In their announcement of the introduction of the 11th package of sanctions, EU leaders noted that the objective of the sanctions policy today is not so much the imposition of new restrictions as the strengthening of control over compliance with those already in place. Components developed by American and European companies continue to be used in practically all types of modern Russian weapons. These are primarily chips, microchips, and transistors, but it is also difficult to replace more commonplace components such as voltage regulators, capacitors, and so on, according to a report by the Kyiv School of Economics and the Yermak-McFaul Group, an international association of experts providing recommendations for expanding and enhancing sanctions against Russia and Belarus. In their analysis of 58 units of Russian military equipment and munitions captured since the beginning of the war, researchers found 1,057 imported components. Over 70% were produced by American companies (with a lion's share belonging to Analog Devices, Texas Instruments, Microchip Technology, Intel, and AMD), while over 20% were European.

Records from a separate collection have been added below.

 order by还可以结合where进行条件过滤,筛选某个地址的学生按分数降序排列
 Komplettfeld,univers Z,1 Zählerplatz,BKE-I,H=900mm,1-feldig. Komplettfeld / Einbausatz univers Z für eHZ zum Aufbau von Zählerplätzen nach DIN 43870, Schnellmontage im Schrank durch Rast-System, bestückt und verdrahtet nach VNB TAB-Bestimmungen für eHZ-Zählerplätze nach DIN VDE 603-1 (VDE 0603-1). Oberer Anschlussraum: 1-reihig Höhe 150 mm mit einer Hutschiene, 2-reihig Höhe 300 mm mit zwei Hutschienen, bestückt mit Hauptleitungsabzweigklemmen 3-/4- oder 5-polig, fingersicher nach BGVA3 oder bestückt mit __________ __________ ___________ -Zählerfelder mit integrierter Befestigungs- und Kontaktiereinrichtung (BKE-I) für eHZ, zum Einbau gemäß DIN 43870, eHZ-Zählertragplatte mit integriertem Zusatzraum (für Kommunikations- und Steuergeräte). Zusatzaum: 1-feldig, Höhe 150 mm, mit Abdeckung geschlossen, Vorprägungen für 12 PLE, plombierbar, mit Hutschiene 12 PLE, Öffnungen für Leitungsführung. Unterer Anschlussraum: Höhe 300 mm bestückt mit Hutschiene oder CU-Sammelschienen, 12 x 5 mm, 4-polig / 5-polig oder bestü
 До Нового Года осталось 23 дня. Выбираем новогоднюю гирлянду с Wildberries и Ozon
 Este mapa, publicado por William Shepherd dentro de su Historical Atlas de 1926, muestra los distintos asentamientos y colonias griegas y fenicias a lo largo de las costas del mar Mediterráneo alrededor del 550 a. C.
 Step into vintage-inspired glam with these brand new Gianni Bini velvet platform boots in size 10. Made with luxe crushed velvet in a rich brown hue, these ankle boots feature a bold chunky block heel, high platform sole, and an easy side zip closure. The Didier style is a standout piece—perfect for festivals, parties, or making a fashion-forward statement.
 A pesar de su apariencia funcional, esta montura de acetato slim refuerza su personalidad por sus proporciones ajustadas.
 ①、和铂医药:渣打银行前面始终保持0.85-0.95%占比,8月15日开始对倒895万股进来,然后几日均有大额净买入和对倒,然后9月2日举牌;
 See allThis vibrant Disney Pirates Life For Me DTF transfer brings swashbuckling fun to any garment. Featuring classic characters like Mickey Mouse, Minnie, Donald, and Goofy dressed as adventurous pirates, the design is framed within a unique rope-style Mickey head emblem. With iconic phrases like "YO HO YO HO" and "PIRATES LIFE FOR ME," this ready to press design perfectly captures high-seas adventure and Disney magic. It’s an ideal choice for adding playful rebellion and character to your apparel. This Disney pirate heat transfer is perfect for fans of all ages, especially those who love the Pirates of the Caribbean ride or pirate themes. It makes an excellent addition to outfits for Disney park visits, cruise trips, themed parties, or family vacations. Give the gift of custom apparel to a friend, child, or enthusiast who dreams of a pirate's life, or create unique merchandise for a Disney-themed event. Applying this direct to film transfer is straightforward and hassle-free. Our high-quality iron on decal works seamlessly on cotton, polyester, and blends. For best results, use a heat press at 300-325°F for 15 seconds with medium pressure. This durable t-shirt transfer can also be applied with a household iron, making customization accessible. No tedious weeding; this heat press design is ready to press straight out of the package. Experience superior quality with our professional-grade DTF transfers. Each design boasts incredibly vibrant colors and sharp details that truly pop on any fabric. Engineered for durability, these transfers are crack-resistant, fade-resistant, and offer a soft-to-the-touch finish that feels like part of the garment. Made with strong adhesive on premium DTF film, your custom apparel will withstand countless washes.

Chips and microchips accounted for half of the components found.
Customs data examined by researchers reveals that Russia ramped up its procurement of critically important components for the military-industrial complex even before the war. From January to September 2021, Russia imported an average of $2.2 billion worth of dual-use products per month. In October, purchases increased by 44%, followed by a 59% increase in November and a doubling in December. By January 2022, the volume of imports reached $2.9 billion, and remained at a similar level in February. In the early months of the war, sanctions caused a 50% drop in imports, but in the second half of the year, imports began to recover thanks to deliveries through Chinese dummy companies and false transit schemes (Re:Russia has explored these schemes in detail). As a result, while overall imports of Western products declined significantly in 2022, as Re:Russia has previously reported, they were able to maintain the import of critical components for the military-industrial complex at pre-war levels. In the fourth quarter of 2022, these deliveries were estimated at $2.8 billion per month, which represents a 25% increase on pre-war levels. It should be noted, however, that the same products became more expensive due to radically more complicated logistics, but on the other hand, the ruble was generally stronger in 2022 than it was in 2021.

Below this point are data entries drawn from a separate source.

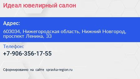 Идеал, ювелирный салон по адресу 603034, Нижегородская область, Нижний Новгород, проспект Ленина, 33 в дальнейшем Организация, размещена в следующих категориях: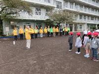 朝、池の前で、1年生にスクールガードさんを紹介する会が行われました。最初に6年生の代表児童から、日頃の感謝の気持ちが伝えられました。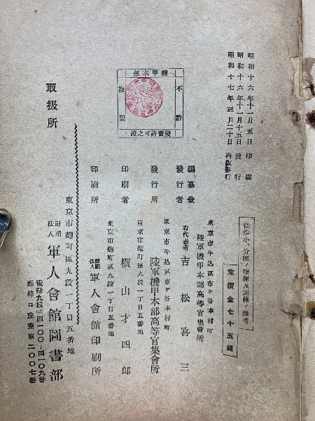 • 出版社 陸軍機甲本部高等官集会所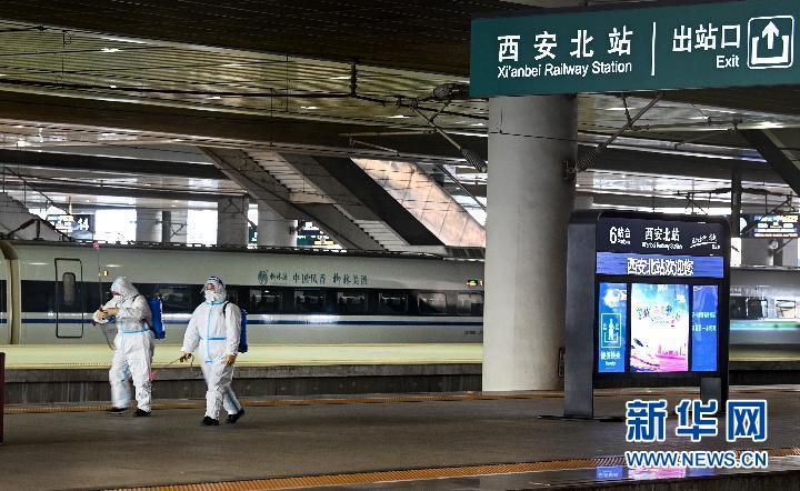 1月16日,工作人員對西安北站站臺進(jìn)行消殺。新華社記者 陶明 攝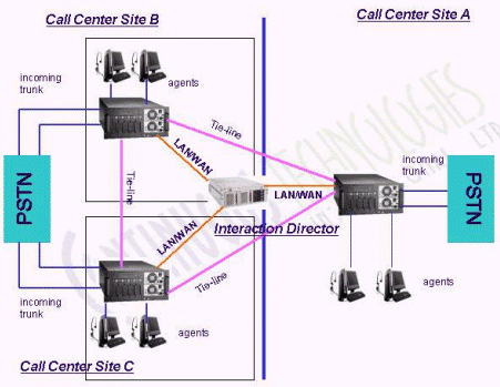 Interaction Director的功能比Interaction Multi-Site還要強(qiáng)大的多,不但支持Interaction Multi-Site的具有的功能外,還支持更大規(guī)模的分布式系統(tǒng)、呼叫前和呼叫后路由(呼叫前路由采用SS7信令,需要電信運(yùn)營商的支持)以及真正的網(wǎng)絡(luò)排隊(duì)機(jī)(Network ACD)等。Interaction Director通常安裝在一臺單獨(dú)的服務(wù)器上,用來決定最佳分布點(diǎn)的系統(tǒng)處理來電。Interaction Director可以實(shí)時(shí)監(jiān)控各個(gè)分布點(diǎn)的系統(tǒng)負(fù)載,坐席、技能、隊(duì)列等狀態(tài)。采用Interaction Director可以方便的實(shí)現(xiàn)分布式呼叫中心系統(tǒng)的負(fù)載均衡和災(zāi)難備份。舉例來說,在周末話務(wù)量較小的情況下,為節(jié)省資源和運(yùn)營成本,可以將北京中心的所有來電路由至上海中心處理;又如,上海中心發(fā)生故障,可以將所有來電路由至北京中心處理。

The report's authors note that it would be incorrect to say that the sanctions are completely ineffective. Russia depletes ammunition and loses equipment at such a rapid rate that it requires more imported components than it is able to procure. As a result, the report states, the reserves accumulated before the war are being rapidly depleted. In some cases, lower-quality components are being used, quite literally resorting to extracting chips from refrigerators and washing machines, because the required components are not available in sufficient quantities.
The researchers demonstrate the scale of the problem, in particular through the example of missiles. Due to their scarcity, the intensity of shelling is being reduced. Cheaper but less effective Iranian drones are being used more frequently. Some missiles, of which the army has a larger stock, are used for purposes other than their intended use, and new missiles are sometimes sent directly to the front lines instead of being stored.
However, the report’s authors conclude that the impact of sanctions could be more significant if additional measures are implemented.
First, coordination between members of the sanction coalition and third countries needs to be improved. A unified list of dual-use products should be established. Currently, according to the report's authors, there are discrepancies even at the level of the European Union. Customs authorities should either engage in regular information exchange directly or upload statistics to an independent database (such as Export Genius). Researchers and experts should also have access to this data.
Second, the report's authors suggest imposing additional sanctions on the Russian banks that facilitate imports. They also call for the active implementation of secondary sanctions against organisations in third countries, as set out in the 11th EU sanctions package.
Third, they propose that a share of the responsibility should fall on the major global manufacturers who possess sufficient resources to minimise the supply of their products to Russia but have not yet had the incentive to do so. Authorities should assist small and medium-sized companies that lack the necessary resources.
Thus, the sanction war, like the real war, has entered its protracted phase, and its success will depend on how effective and careful the Western coalition’s strategy to combat 'grey' supplies is. Drastic actions against businesses in the global South may lead to increased tension between them and the West and may strengthen pro-Russian sentiments. In the most extreme case, the world may come close to a scenario of geo-economic fragmentation. Peripheral Chinese firms are likely to remain less vulnerable to Western pressure, as it is unlikely that supplies through them will be completely cut off. However, with the increasing capabilities of the Ukrainian army, even a reduction in these supplies will weaken the technological readiness of Russian forces, which at this stage will have an important, and possibly critical, impact on the course of military operations.